__Exercise data__:
*** Block opens ***
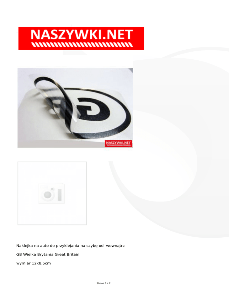 Naklejka na auto do przyklejania na szybę od wewnątrz GB Wielka Brytania Great Britain wymiar 12x8,5cm Strona 1 z 2 Naklejka wykonana z folii samoprzylepnej wysokiej jakości (siedmioletniej) Strona 2 z 2
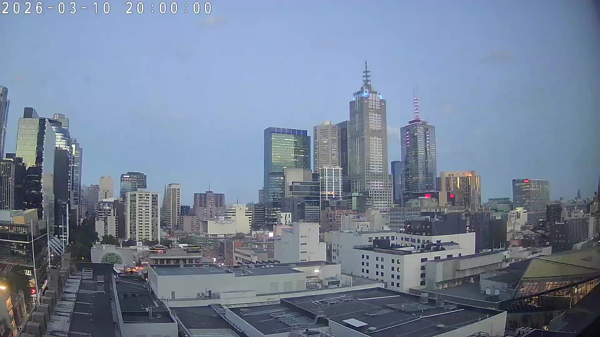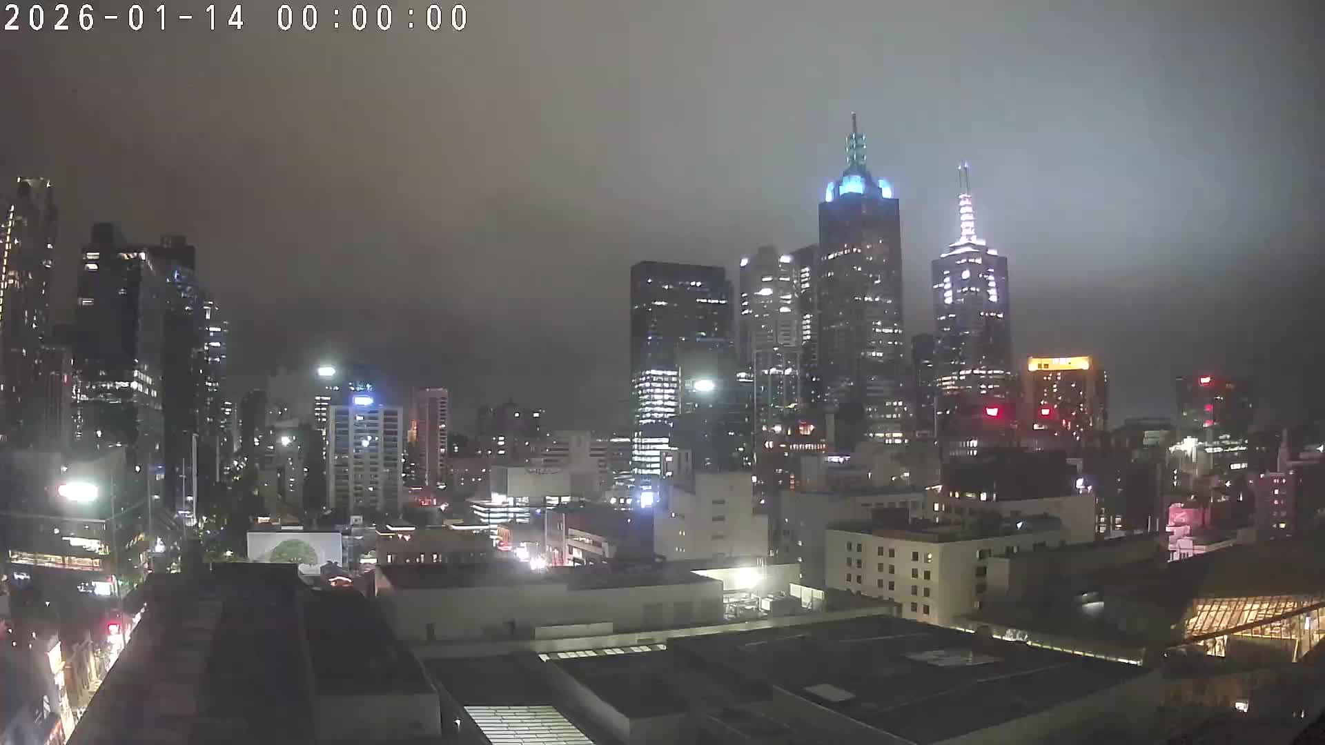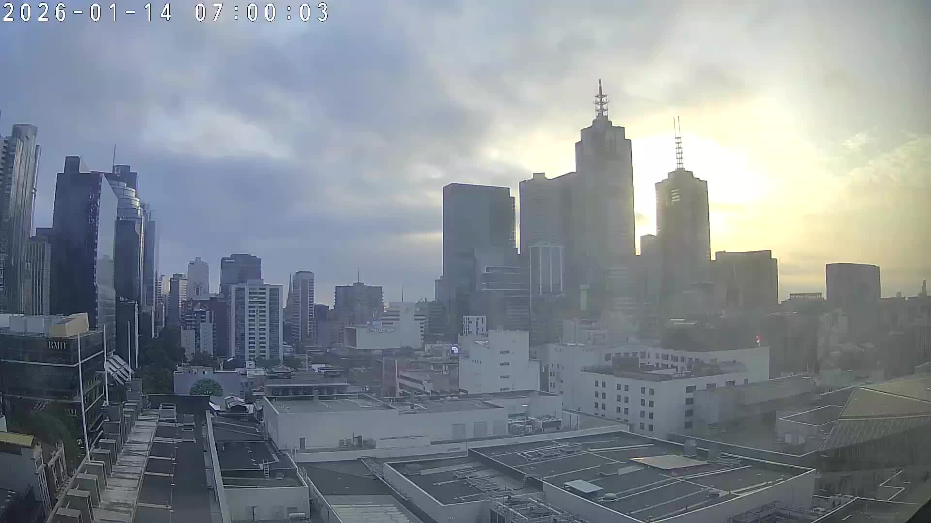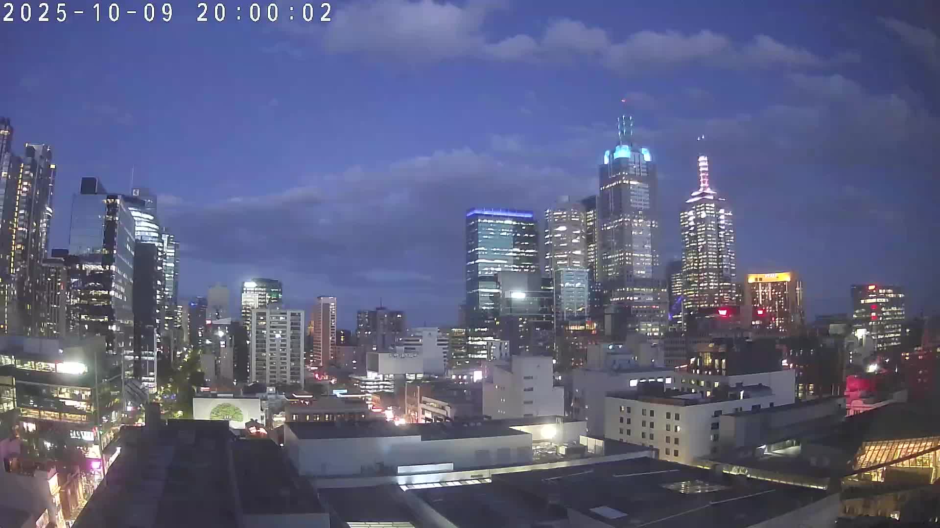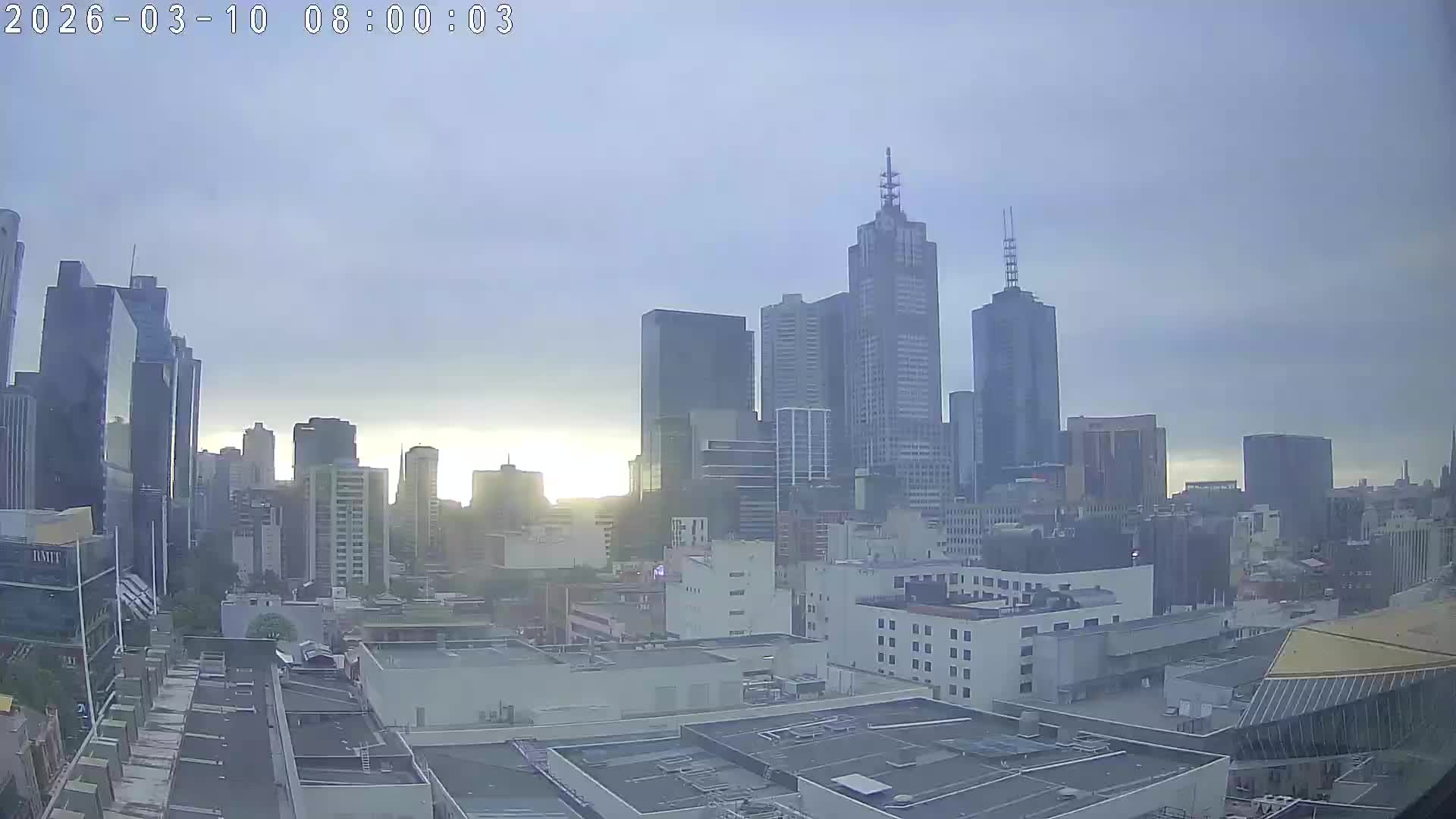 The camera is pointed approximately east towards the towers on the east end of Collins Street Melbourne.
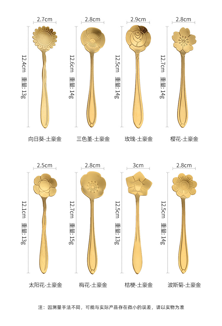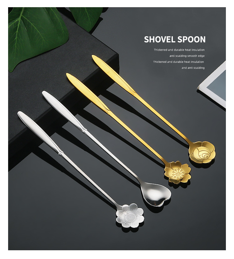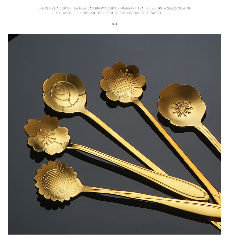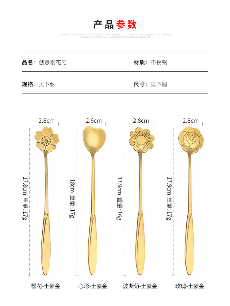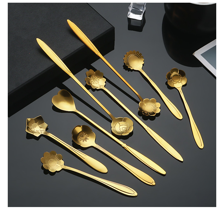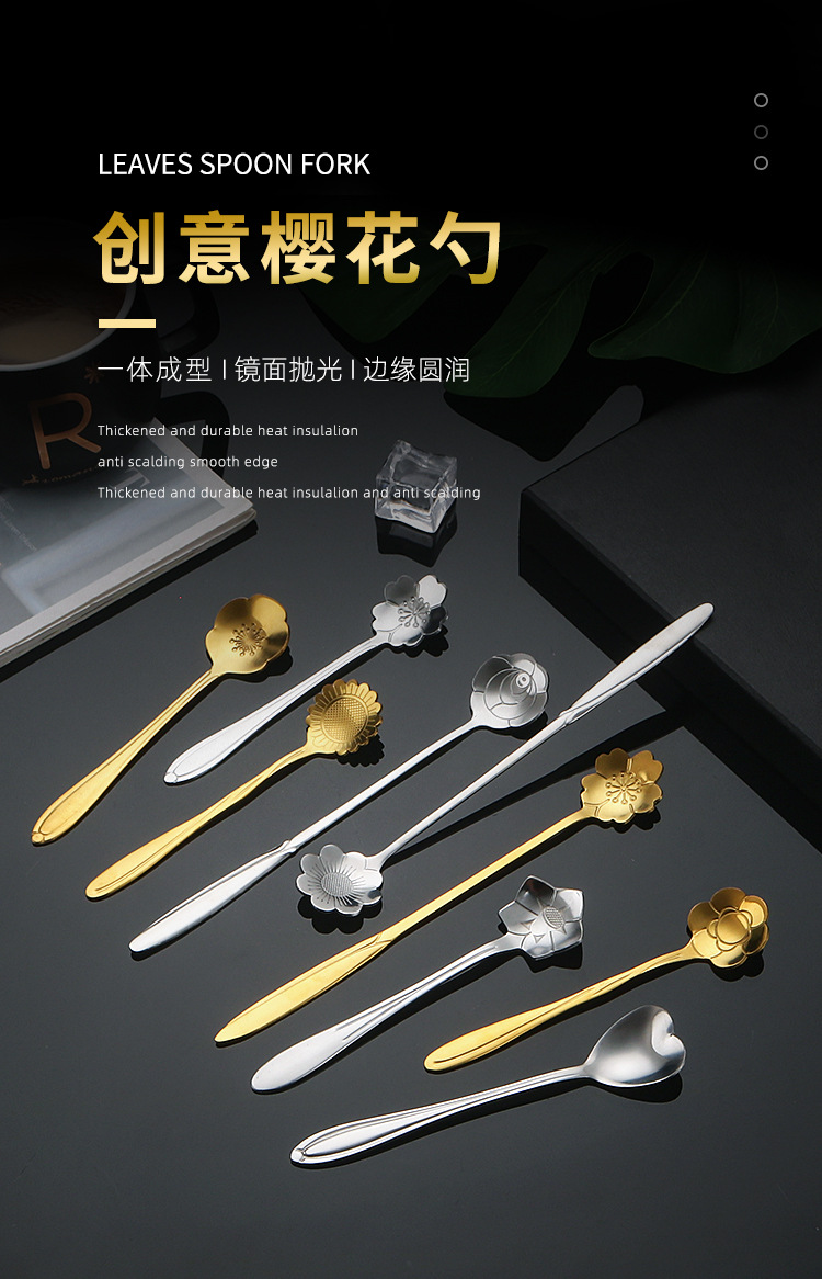 stainless steel spoon creative cherry blossom spoon golden wedding flower spoon mug stirring spoon dessert ice spoon coffee spoon
*** Block closes ***
__What you should do__: Transcribe word for word only the lines from the one with "The camera is" through the end of the listing; every picture is to be omitted.

__Solution for this problem__:
 The camera is pointed approximately east towards the towers on the east end of Collins Street Melbourne.
 stainless steel spoon creative cherry blossom spoon golden wedding flower spoon mug stirring spoon dessert ice spoon coffee spoon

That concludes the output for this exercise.